Kommende Woche jährt sich die Amtszeit von Christian Schwarz-Schilling zum ersten Mal. Und obwohl der CDU-Politiker bereits vor Antritt erklärt hatte, seine Zeit als Hoher Repräsentant der internationalen Gemeinschaft in Bosnien-Herzegowina sei begrenzt, scheint ihr Ende nun doch überstürzt.
Am Dienstag hatte Schwarz-Schilling überraschend verkündet, dass er sein Amt zum kommenden 30. Juni niederlegen werde. Aber noch tags zuvor hatte der ehemalige Postminister erklärt, den Posten über dieses Datum hinaus halten zu wollen. Diplomaten zufolge erfolgte die Kehrtwende, weil Schwarz-Schilling einem offiziellen Rauswurf zuvorkommen wollte. Bei Amtsübernahme hatte Schwarz-Schilling nicht ausgeschlossen, den Posten Amt des ersten EU-Sonderbeauftragten zum 1. Juli 2007 zu übernehmen. Ursprünglich sollte mit diesem Datum das Büro des Hohen Repräsentanten aufgelöst werden und die Europäische Union die Obhut in dem ex-jugoslawischen Land übernehmen. Doch davon ist nun keine Rede mehr. Bosnischen Medien zufolge hatte sich der Kritik der US-Regierung, die seit geraumer Zeit unzufrieden mit der Arbeit des Deutschen war, nun auch Berlin angeschlossen. Dass Schwarz-Schilling zuletzt immer stärker in Bedrängnis geriet belegt auch die Tatsache, dass er jüngst für die Erhaltung des Hohen Repräsentanten samt dessen Vollmachten - den so genannten "Bonn Powers" - plädiert hatte.
Mit diesen Vollmachten hatte die internationale Gemeinschaft ihren Beauftragten 1997 ausgestattet. Sie erlauben dem OHR im Extremfall sogar, die höchsten gewählten Volksvertreter abzusetzen. Eine Vollmacht, die Schwarz-Schillings Vorgänger, der Brite Paddy Ashdown, anzuwenden nicht gezögert hatte.Schwarz-Schilling indes hatte bei Amtsübernahme immer wieder unterstrichen, dass er das genaue Gegenteil durchsetzen wolle: "Ich werde ganz klar ein Signal geben, dass ich die Bonn Powers nicht extensiv, sondern nur als letztes Mittel nutzen werde", sagte er vor genau einem Jahr im Gespräch mit dieser Zeitung.Genau diese Strategie ist nicht aufgegangen. Bereits seit vergangenem Herbst hatte sich die Kritik an der Amtsführung des 76-Jährigen gemehrt. Im Vorfeld der Wahlen im Oktober hatten vor allem die Vertreter der bosnischen Serben scharfe nationalistische Töne angeschlagen. Milorad Dodik, Ministerpräsident der eigenständigen bosnischen Serbenrepublik, forderte als Konsequenz der Unabhängigkeit Montenegros auch für die bosnischen Serben das Recht ein, sich per Referendum unabhängig zu erklären.Schon damals setzte Schwarz-Schilling nach Meinung seiner Kritiker den nationalistischen Tönen zu wenig entgegen, und dies auch noch, als Dodiks Rhetorik nach der Wahl anhielt. Noch schwerer wiegt, dass der deutsche Vertreter keinerlei Erfolge beim Voranbringen der für Bosnien-Herzegowina lebenswichtigen Verfassungsreform verzeichnen kann - obwohl Schwarz-Schilling diese als sein wichtigstes Projekt deklariert hatte. Auch dort ließ der Deutsche klare Worte missen.

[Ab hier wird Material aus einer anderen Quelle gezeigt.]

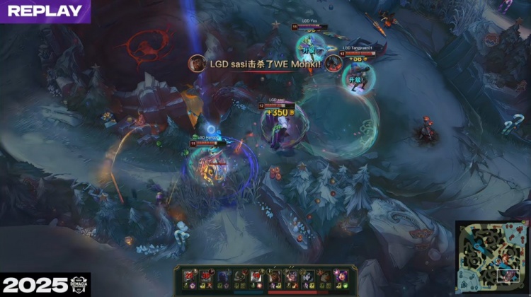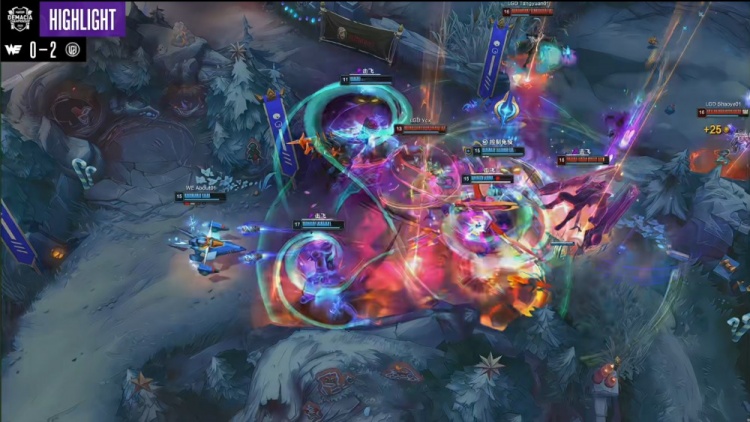 后期小龙与大龙争夺中,Ycx妮蔻两度开WE四人,WE连续大火收汁遭LGD团灭,LGD火龙魂加持轻松一波推平WE基地拿到比赛胜利。

Die Institutionen arbeiten nach wie vor auf Grundlage des Friedensabkommens von Dayton, die das Zusammenwachsen zu einem Gesamtstaat unmöglich machen. Doch trotz langwieriger Verhandlungen zwischen Serben, Kroaten und Bosniaken wurde die Verabschiedung im Parlament stets in letzter Minute gekippt. "Schwarz-Schilling ist eine Blamage für die internationale Gemeinschaft gewesen", so das Resümee von Senad Slatina, Politikwissenschaftler in Sarajewo. Bosnische Zeitungen sprachen gestern hämisch über den Abschied des "steinernen Schläfers" - Schwarz-Schilling ist dafür bekannt, selbst bei offiziellen Anlässen mitunter auf dem Podium einzuschlafen.Der Abgang des deutschen Diplomaten ist aber auch im Zusammenhang mit der anstehenden Statusklärung des Kosovo zu sehen.
Die internationale Gemeinschaft muss in den nächsten Monaten mit zunehmenden Spannungen auf dem Balkan rechnen.